- Genre: Surreal humor
- Created by: Mike Lazzo; Matt Harrigan; Matt Maiellaro;
- Voices of: Kim Manning; Matt Maiellaro; Dave Willis; Nick Ingkatanuwat; George Lowe; MF Doom; C. Martin Croker;
- Country of origin: United States
- Original language: English
- No. of seasons: 3
- No. of episodes: 9

Production
- Executive producers: Mike Lazzo Keith Crofford
- Producers: Dave Hughes Matt Harrigan
- Editors: Dave Hughes Paul Painter (episodes 8 & 9)
- Running time: 11 minutes
- Production company: Williams Street

Original release
- Network: Adult Swim
- Release: November 7, 2004 – April 1, 2007
- Release: April 1, 2014

Related
- Space Ghost Coast to Coast

= Perfect Hair Forever =

American adult animated television series

Perfect Hair Forever is an American adult animated television series created by Mike Lazzo, Matt Harrigan, and Matt Maiellaro for Cartoon Network's late night programming block Adult Swim. The series revolves around a young boy named Gerald Bald Z and his quest to find perfect hair, parodying story conventions of shōnen anime.

Perfect Hair Forever premiered on November 7, 2004, and ended on April 1, 2007, with a total of 7 episodes. Two additional episodes premiered unannounced on April 1, 2014, as part of Adult Swim's annual April Fools' Day stunt. The series is a spin-off of Space Ghost Coast to Coast.

==Premise==
The series concerns a young boy named Gerald who is on a quest to find the perfect hair to remedy his premature baldness. He is joined on his wanderings by an array of strange companions. Gerald is opposed by the evil Coiffio and his minions for reasons which are never stated in the series.

The series is a spin-off of Space Ghost Coast to Coast, due to a special featuring Space Ghost, Adult Swim Brain Trust, coming on right after the premiere of the series to help tie it together.

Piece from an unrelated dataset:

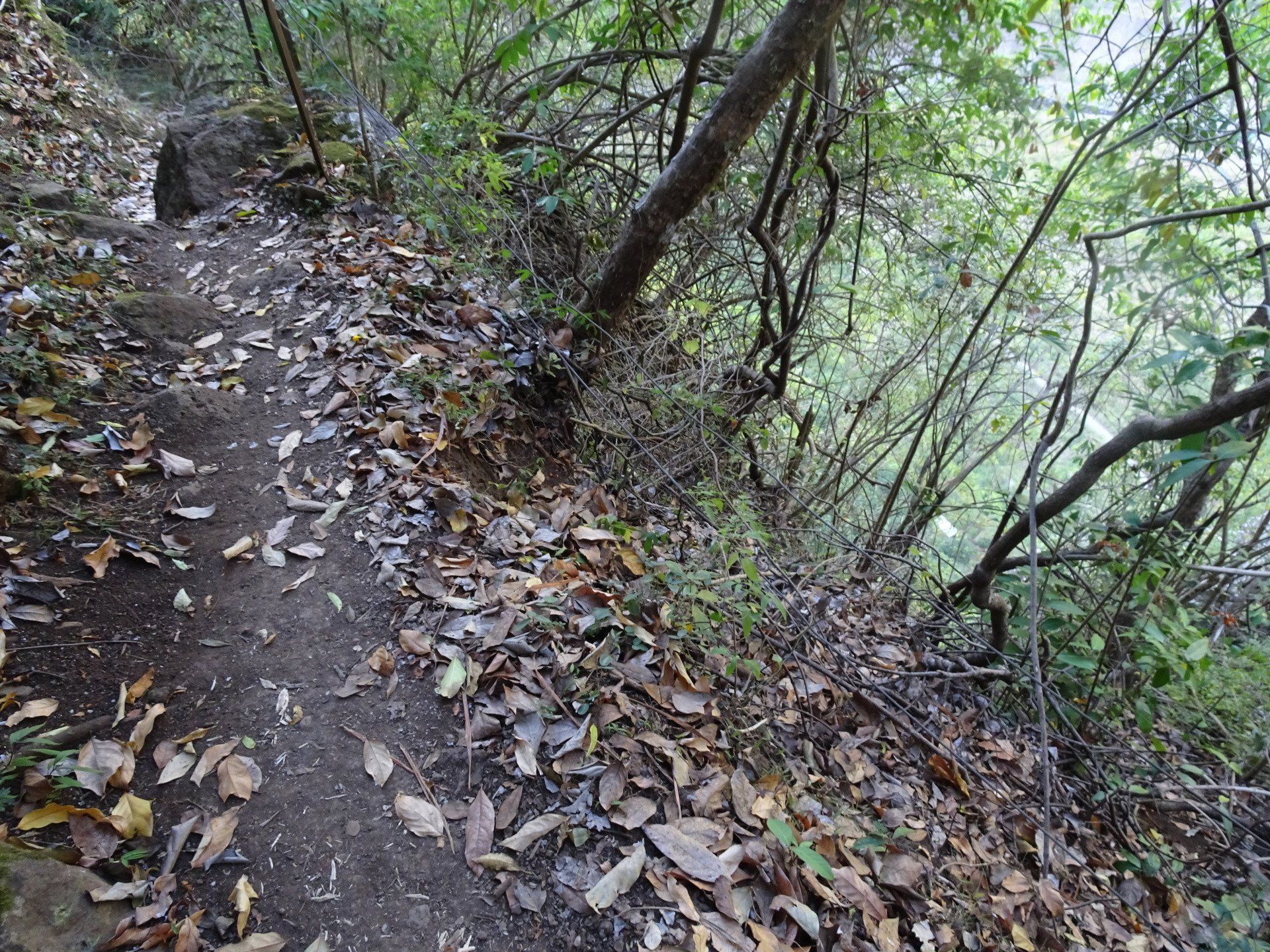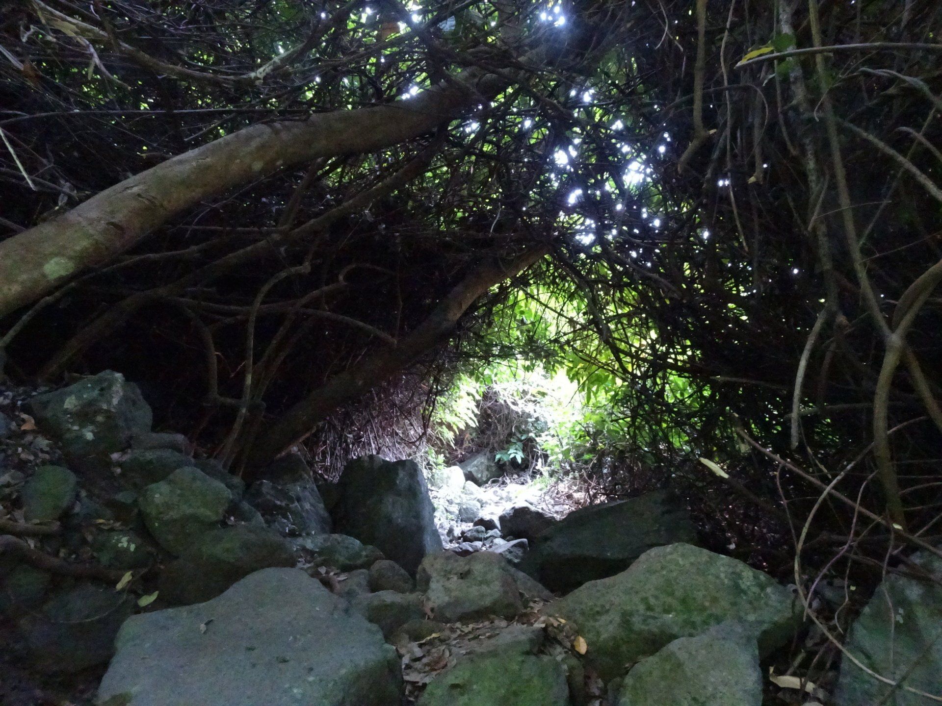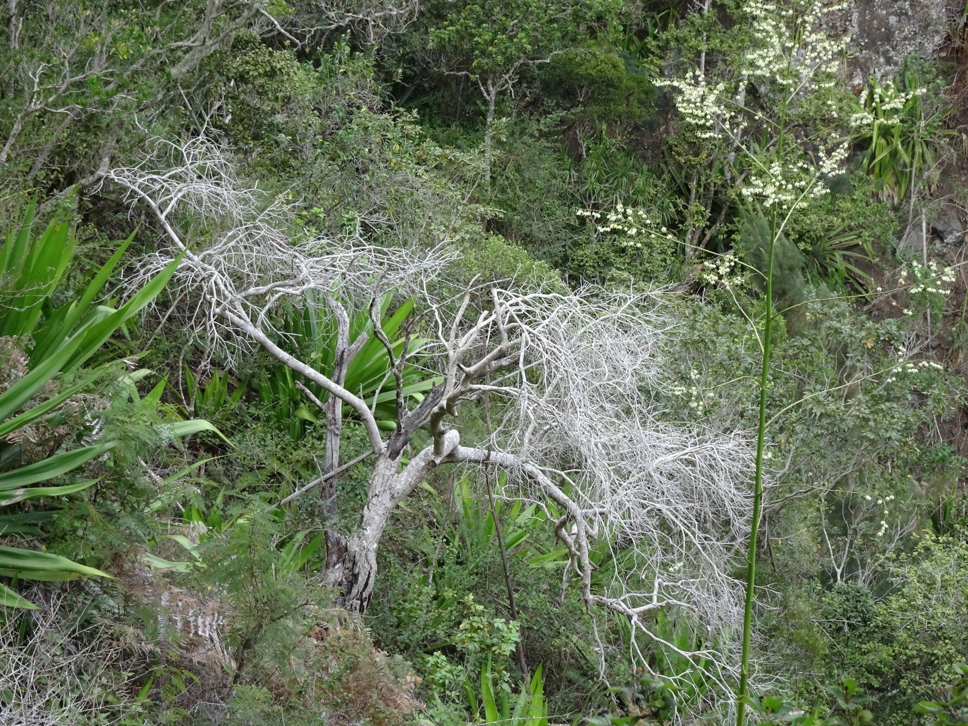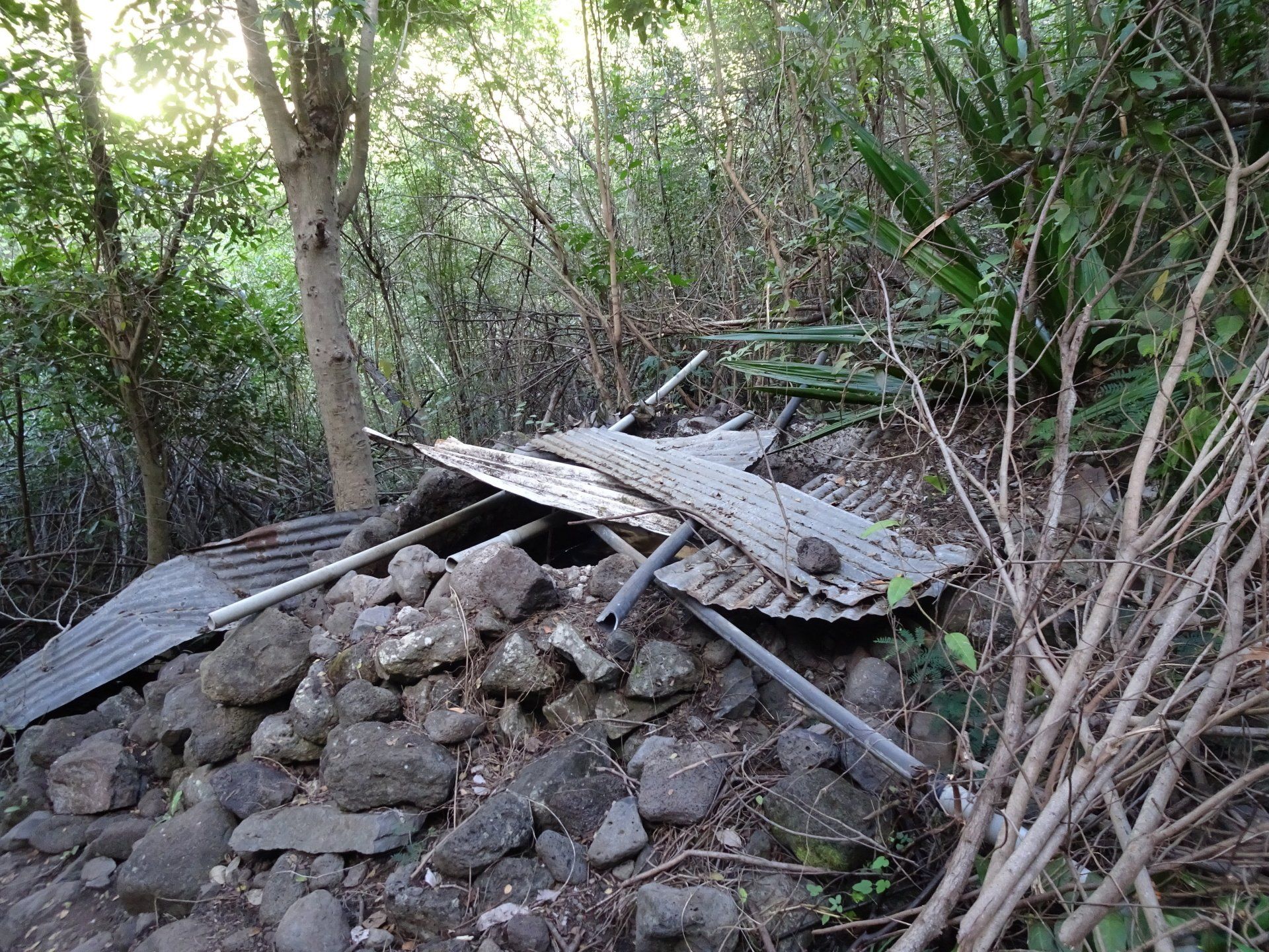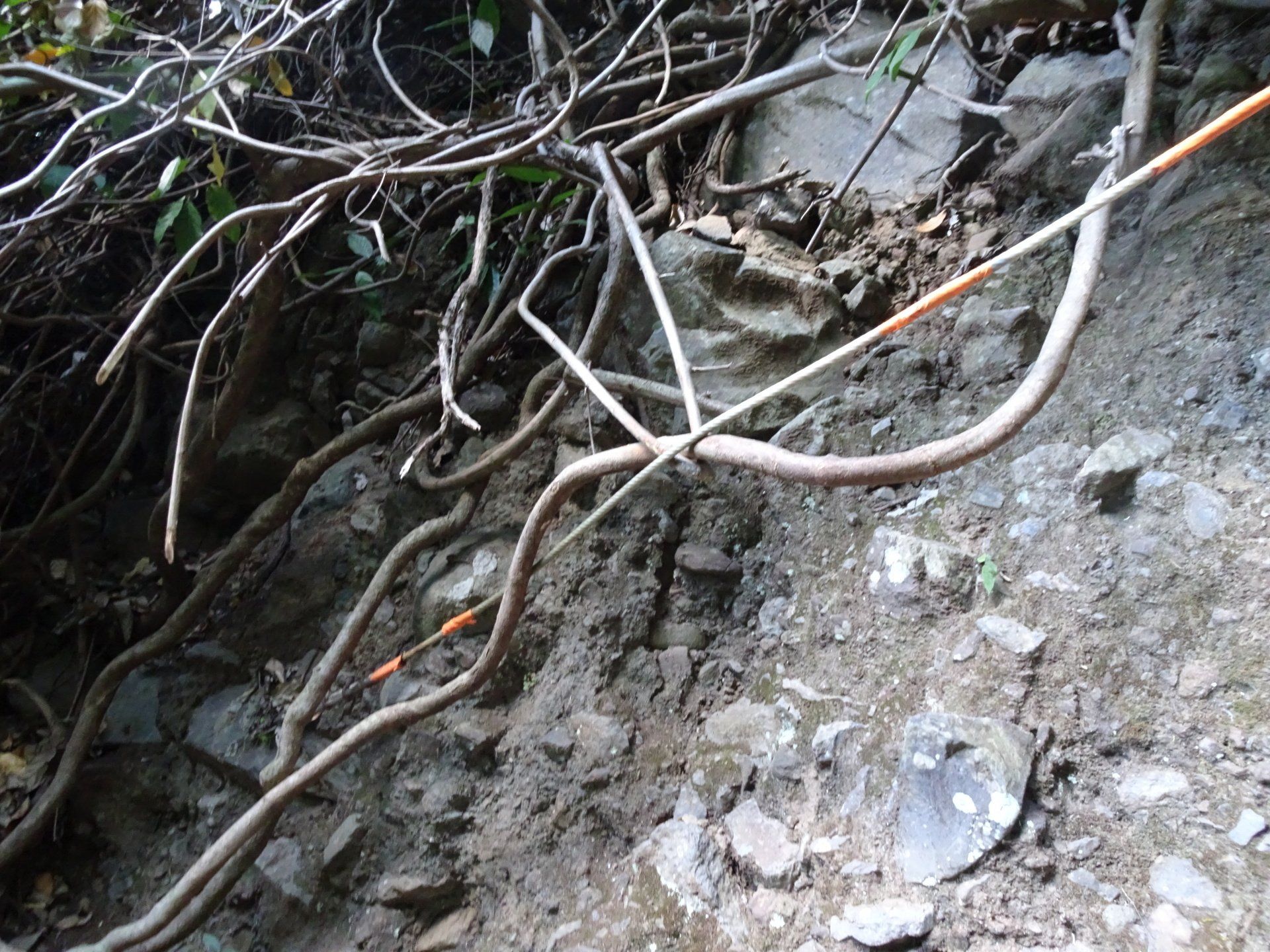 Demi tour, nous finissons par trouver l’église et suivons de vue un trailer qui s’enfile par un étroit passage entre 2 propriétés qui nous conduit jusqu’au départ du chemin descendant vers 2 bras.

Space Ghost appears in every episode, either as a character with an actual role, or in the background.

==Production==
Perfect Hair Forever employs an ongoing serial format, a style that had been uncommon to previous Williams Street projects with their lack of emphasis on continuity. Each episode of the series features different opening sequence music and visuals. The style and music of the end credits also varies from episode to episode.

Following the first six episodes, members of the Perfect Hair Forever creative team posted (on the official Adult Swim message board) that they weren't interested in continuing the show to a second season. Cancellation was formally announced at the Adult Swim panel at Comic-Con 2006.

In October 2006, Adultswim.com stated that Perfect Hair Forever was back in production with 16 episodes to be aired on its online streaming network The Fix, though after episode seven aired, the series was never continued.

Episode 7 aired April 1, 2007, as part of Adult Swim's annual April Fool's Day joke, and was also available on Adult Swim's The Fix website.

In 2007, the Japanese noise rock band Melt-Banana recorded the song "Hair-Cat (Cause the Wolf Is a Cat!)" for Perfect Hair Forever.

==Broadcast history==
The Perfect Hair Forever pilot first aired on November 7, 2004, in the time slot that had been advertised as the premiere of the Squidbillies pilot. Unknown to the audience at the time, the existing Squidbillies pilot had fallen behind and wasn't ready to air. Williams Street continued advertising the Squidbillies premiere up to and including the bump directly preceding the show, which talked about wanting to make the show "perfect" for you and your "hair" "forever", revealing the title "Perfect Hair Forever." The night's confusion continued when, instead of seeing the opening titles for Squidbillies, viewers were confronted with a title card for an episode of Space Ghost called "Perfect Hair Forever", thus starting the pilot episode.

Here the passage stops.